Indiana native Lorena E. Phemister pursued her art studies at the John Herron Art Institute in Indianapolis from 1938 to 1943, receiving several scholarships and earning a BFA. Two years later, she received an MFA at the University of Iowa. An acclaimed instructor, she taught art at St. Francis College (1946-47), Mishawaka High School (1948-50) and her alma mater, Arsenal Technical High School in Indianapolis, from 1951 until her retirement in 1984. Plying an artistic vocabulary ranging from Regionalism to Modernism, she exhibited in state and regional exhibitions including the Hoosier Salon and Indiana State Fair.
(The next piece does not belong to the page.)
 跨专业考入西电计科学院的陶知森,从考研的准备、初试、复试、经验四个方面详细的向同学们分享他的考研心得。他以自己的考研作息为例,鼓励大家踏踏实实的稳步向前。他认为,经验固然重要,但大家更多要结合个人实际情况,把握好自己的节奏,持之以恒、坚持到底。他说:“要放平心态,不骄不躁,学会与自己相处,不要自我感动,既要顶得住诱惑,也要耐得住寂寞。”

Her work was little known until 2004, when her accumulated artwork (including The Seamstress) brought more than $25,000 at a local Indianapolis auction.
The Seamstress is a well-crafted composition featuring three young women arranged in classical pyramidal fashion surrounded by engaging still-life elements in both foreground and background. At first glance, it is a commonplace rendition of a young woman receiving a fitting in a dressmaker’s shop as her friend looks on. At another level, however, the painting exposes the contrast between fashionable white women of leisure and the African-American seamstress whose crouching position is reflective of her subordinate standing in the social milieu of mid-century America.